The Data
A county launched a diabetes prevention program in January 2020. Emergency department visits for diabetes complications dropped 18% afterward. Success? Or did something else change? (Data are simulated for illustration.)
ED Visits per 10,000 Residents Over Time
Next: If both counties improved similarly, and only one had the program, what does that tell us about what actually caused the improvement?
The Problem
When something else changes at the same time as your program, any improvement you observe might have nothing to do with your intervention.
What Is the History Threat?
A history threat occurs when external events happen at the same time as your intervention and affect outcomes. Common culprits include:
- State or federal policy changes (new regulations, funding shifts)
- Economic shifts (recession, stimulus payments, job market changes)
- Other programs launching in the same period
- Seasonal patterns (flu season, holiday effects)
- Major public health events (pandemics, environmental disasters)
How Concurrent Events Create Bias
The statewide event affects outcomes in both program and comparison counties. Without accounting for this, we would wrongly attribute all improvement to the local program.
The Core Problem
Programs often launch during favorable conditions. Counties start new initiatives when they receive new funding, when leadership changes, or when a crisis demands action. These same conditions often coincide with broader changes that would have improved outcomes anyway.
If you only look at your program area, the timing seems perfect: program starts, outcomes improve. The external event becomes invisible unless you examine comparison areas that experienced the same external change but not your program.
Next: How do we separate what the program did from what the statewide event did? Let's look at the comparison more closely.
Seeing the Threat
A comparison county reveals what would have happened without the local program. Toggle between views to see how our interpretation changes.
Without Comparison
Looking only at County A, we see an 18% improvement after the program launched. The timing looks compelling.
Natural conclusion: "The diabetes prevention program reduced ED visits by 18%."
This conclusion ignores what else happened in January 2020.
With Comparison
County B, which had no local diabetes program, also improved by 15% over the same period.
Revised conclusion: "Most of the improvement (15 of 18 percentage points) occurred everywhere. At most 3 percentage points might be due to the program."
The comparison reveals the statewide trend.
What the Comparison Tells Us
In this example, County A improved by 18% and County B improved by 15%. Since County B had no program, its 15% improvement must come from something else, most likely the statewide Medi-Cal expansion.
The difference (18% minus 15% = 3%) is our best estimate of what the local program contributed. That is far less than the 18% we would have claimed without a comparison. And 3% might just be random variation between counties.

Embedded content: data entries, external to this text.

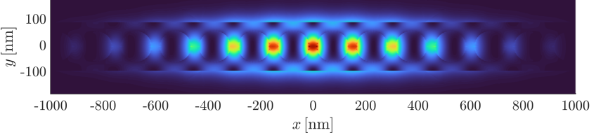 Fig. 1. Electric field intensity of the dominant resonance mode of an all-TMDC nanobeam resonator. The system is optimized such that the maximum intensity is located at the center of the resonator, which is the location of the considered dipole emitter.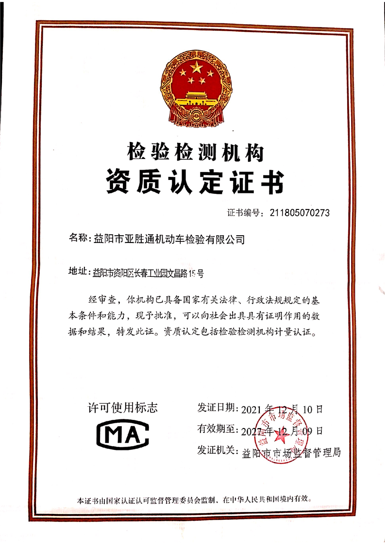 | 检验检测机构资质认定证书(益阳市亚胜通机动车检验有限公司) |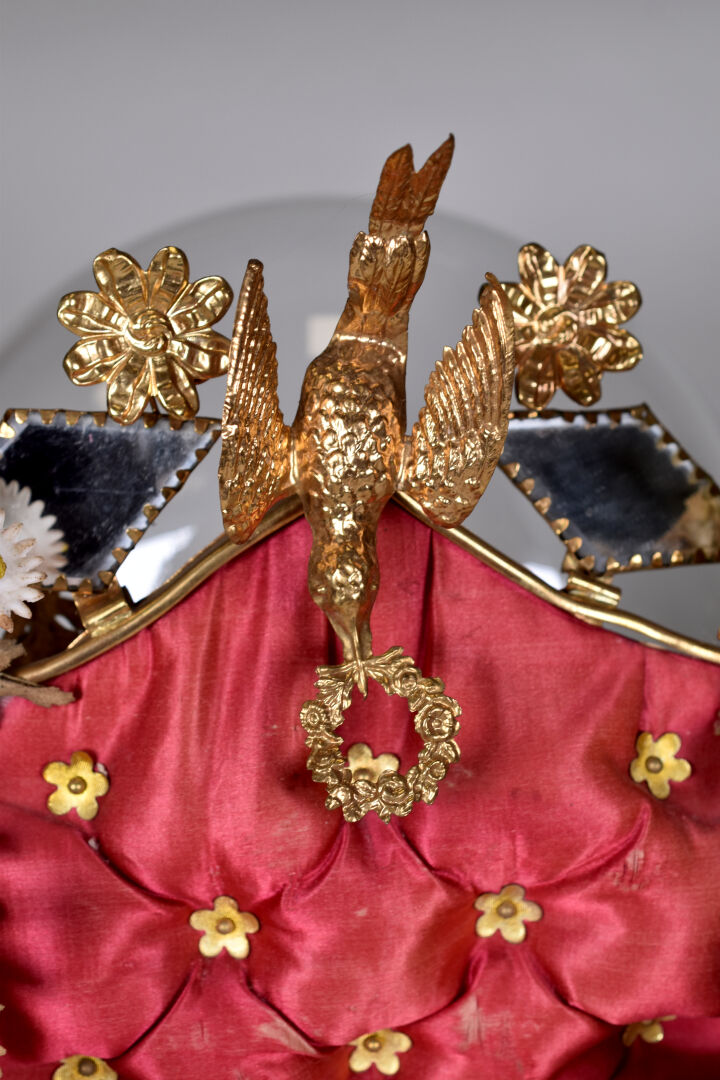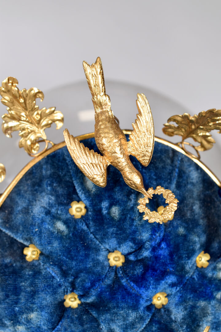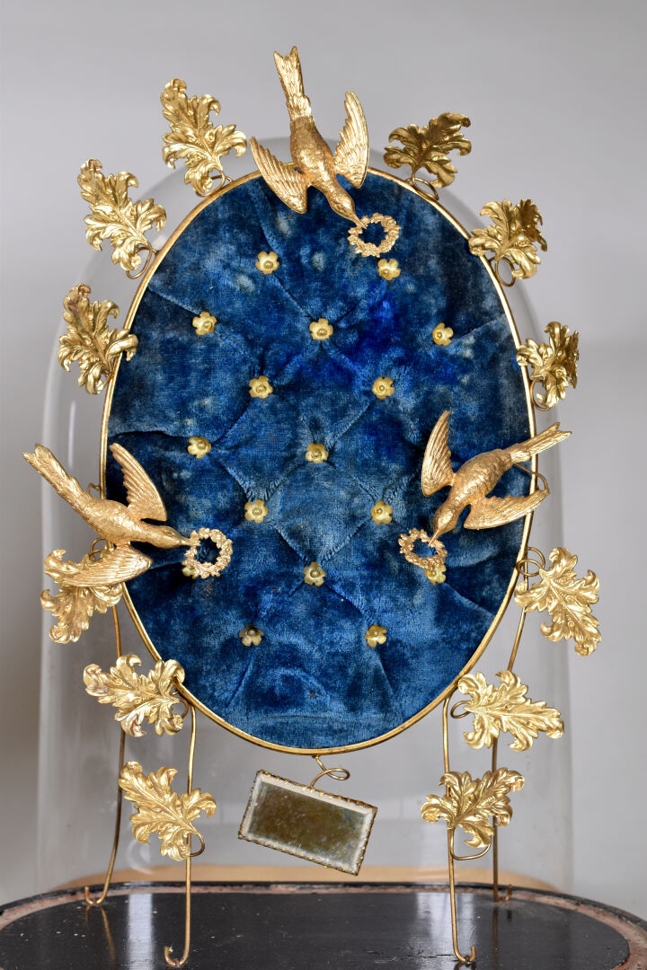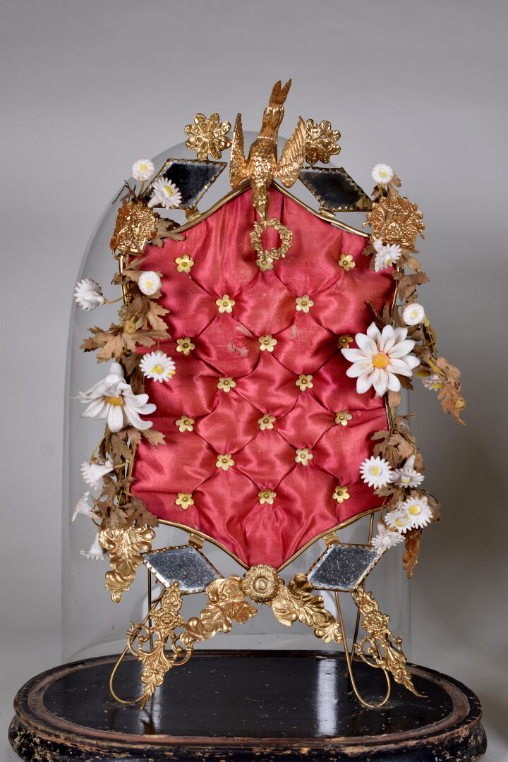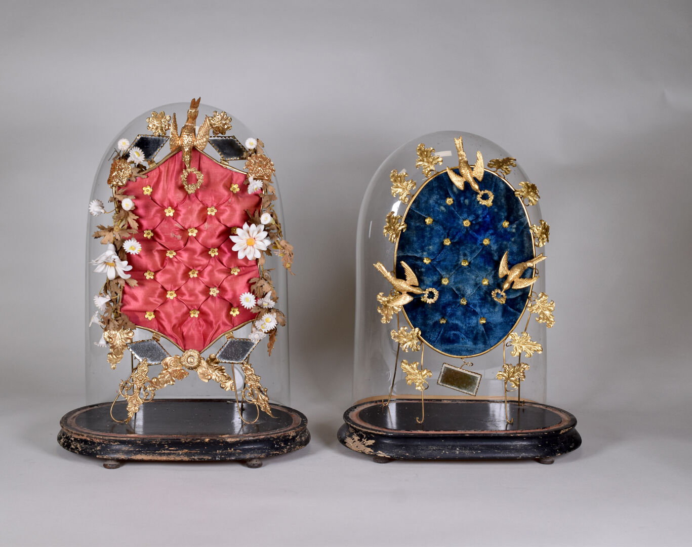 Deux globes de mariée en métal doré et cire à décor capitonné de velours bleu et satin rouge. Socles en bois noirci. Époque Napoléon III. Haut. : 48 cm.

The Comparison Group Solution
A comparison group helps separate program effects from external events by showing what would have happened without the intervention. For this to work:
- The comparison area must experience the same external events (economic conditions, statewide policies)
- The comparison area must NOT receive the local program
- The comparison area should have similar baseline trends before the intervention
When these conditions hold, the difference between how the program area changed and how the comparison area changed provides a cleaner estimate of the program effect.
Next: What questions should we ask before concluding that a program caused improvement? How do we spot history threats in real evaluations?
Questions to Consider
These questions help identify history threats that a simple before-after comparison cannot address. They will not prove causation, but they reveal where the analysis is most vulnerable to bias.
Before Claiming Program Effects, Ask:
Each question probes whether an external event might explain the observed improvement.
- What else changed at the same time? Review news, legislation, and policy announcements around the program launch date. Any statewide or national change could affect all areas equally.
- Did similar areas without the program also improve? If comparison areas show similar trends, the improvement is likely not unique to your program.
- Why did the program launch when it did? Programs often start during favorable conditions (new funding, political momentum). Those same conditions might independently improve outcomes.
- Are there seasonal patterns that coincide with launch? Programs launching in January might show "improvement" simply because winter health crises naturally subside in spring.
- What was happening in the broader economy? Economic conditions affect healthcare access, stress levels, and health behaviors across entire regions.
- Were there other programs or initiatives running concurrently? Multiple interventions make it impossible to isolate the effect of any single one.
No amount of statistical adjustment can separate concurrent events from program effects when both happen at the same time everywhere. The solution is not better adjustment. The solution is finding variation in timing or exposure that allows you to compare what changed in areas that got the program versus areas that did not.
Staggered rollouts, geographic variation in implementation, and policy discontinuities can provide this separation. This is what economists mean by "identification."